We observed mostly minor side effects of sleep disturbances, agitation, and fever that were successfully managed by the paediatrician with no change in the treatment protocol. None of our patients had bradycardia, hypotension, or hypoglycaemia. We attribute this last finding to the meticulous pretreatment evaluation, followed by close monitoring during and after treatment. We had to reduce the dosage in three cases (50%) to 1 mg/kg per day because of breathing difficulties, vomiting, loss of appetite, and diarrhoea, and to discontinue treatment in one patient because of a severe respiratory tract infection. Sans et al39 also reported minor side effects of propranolol, such as hypotension and wheezing, in 2 of 32 patients with infantile periocular capillary haemangioma, and Al Dhaybi et al33 reported diarrhoea or sleep disturbances in 5 of 17 patients. Missoi et al34 observed mild side effects in most patients, but treatment had to be discontinued in only one patient because of brief episodes of bradycardia. Haider et al35 noted mild side effects (gastric problems and fatigue) in 6 of 17 patients (35.3%), which did not warrant a switch or termination of the medication.

It is noteworthy that the application of topical β-blocker solution (timolol maleate 0.5%) for superficial periocular capillary haemangioma led to significant improvement (visual axis clearance) within a few weeks.40, 41 The response times were longer, and no local or systemic adverse effects were noted.

Our study is unique in several specific parameters: (1) the large sample size, (2) long duration of treatment and follow-up (3) post-treatment ocular follow-up, (4) meticulous analysis of the refractive changes in the involved eye compared with the uninvolved eye, and (5) digital analysis of the involved area before and after treatment.

In conclusion, early and prompt administration of oral propranolol to a dose of 2 mg/kg per day is recommended for massive and deep proliferative-stage infantile periocular capillary haemangioma.
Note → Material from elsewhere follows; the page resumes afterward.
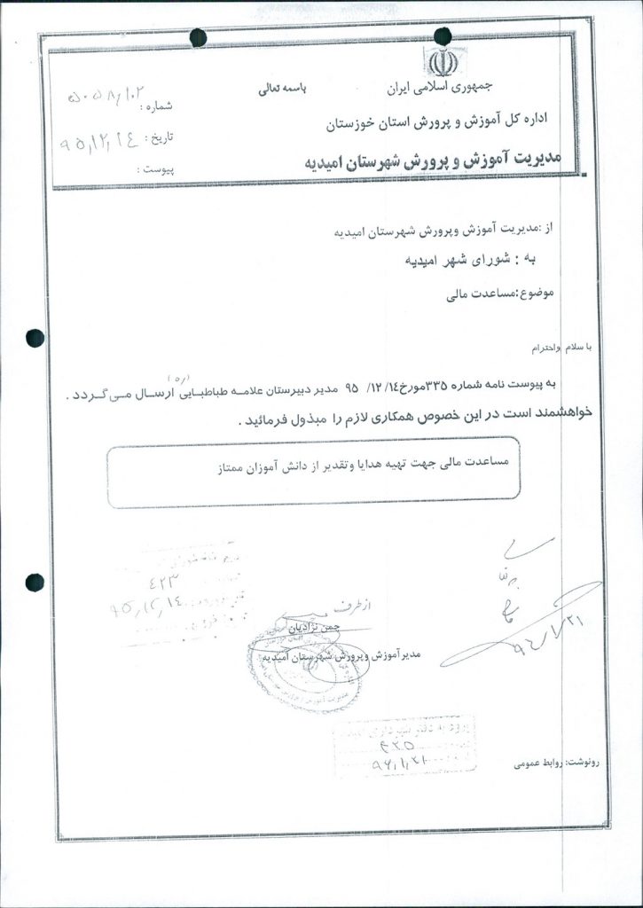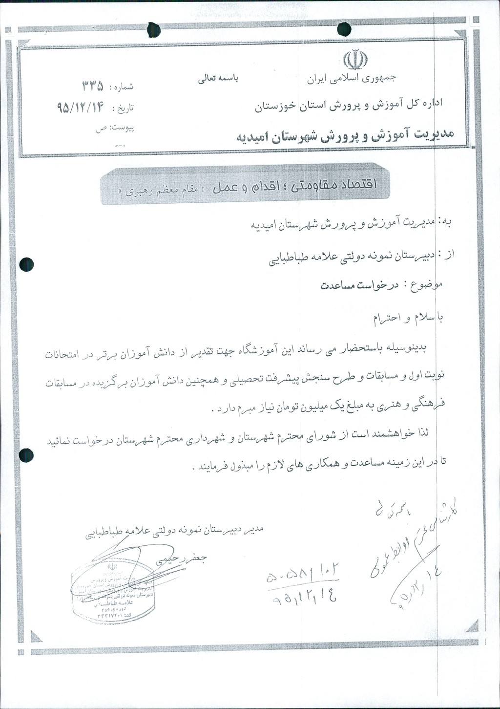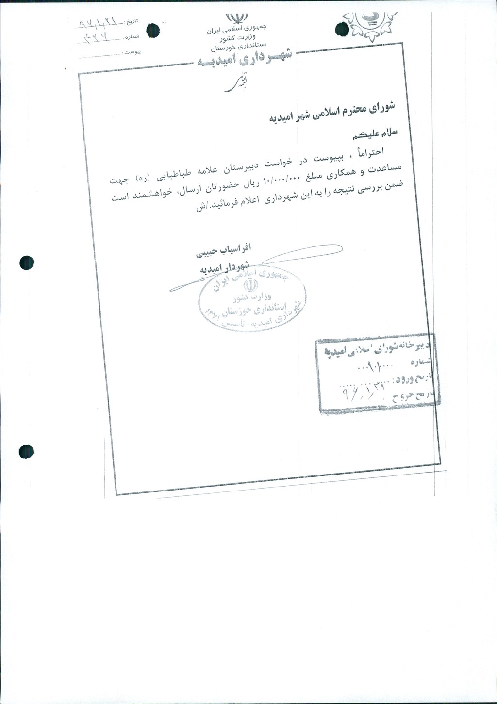 نامه شماره فوق شهرداری در خصوص مساعدت به دبیرستان علامه طباطبایی (ره) به مبلغ ۱۰۰۰۰۰۰۰ ریال در جلسه مطرح و پس از بحث و بررسی با مجموع آراء ذیل مصوب گردید%
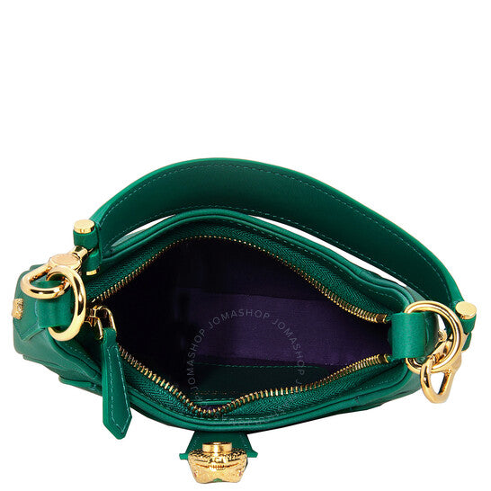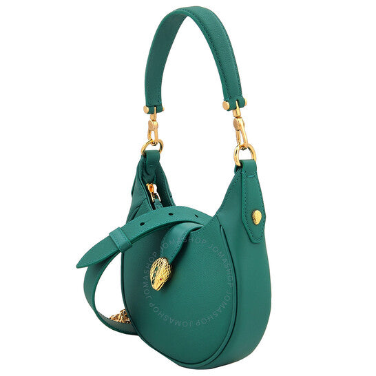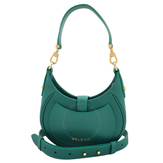 حقيبة هوبو نسائية من بولغاري. رمز المنتج: 292582. اللون: أخضر. المقاس: 19.5 × 20 × 4.5 سم. تجمع حقيبة سيربنتي إليبس الصغيرة ذات الحزام المتقاطع بين تفاصيل مميزة وشكل فريد، مصنوعة من جلد عجل أخضر فاتح بحبيبات عصرية، مع قفل مغناطيسي مرصع بالأحجار الكريمة على شكل رأس ثعبان مستوحى من ساعة بولغاري من ستينيات القرن الماضي. تتميز بسلسلة وحزام جلدي، ومقابض جلدية، وسحاب علوي، وجيب داخلي، وجيب خلفي خارجي، وشعار بولغاري معدني. 100% جلد عجل. صنع في إيطاليا.

The use of propranolol in this setting requires multidisciplinary supervision by a paediatrician, paediatric ophthalmologist, orthoptist, and paediatric dermatologist. In our series, the improvements were dramatic, both structurally and functionally. Structurally, the vascular lesion disappeared without ocular/facial deformation. Functionally, spherical and astigmatic errors of refraction decreased significantly, which prevented amblyopia in the involved eye. These changes were maximal and permanent, without rebound. Side effects were mostly minor.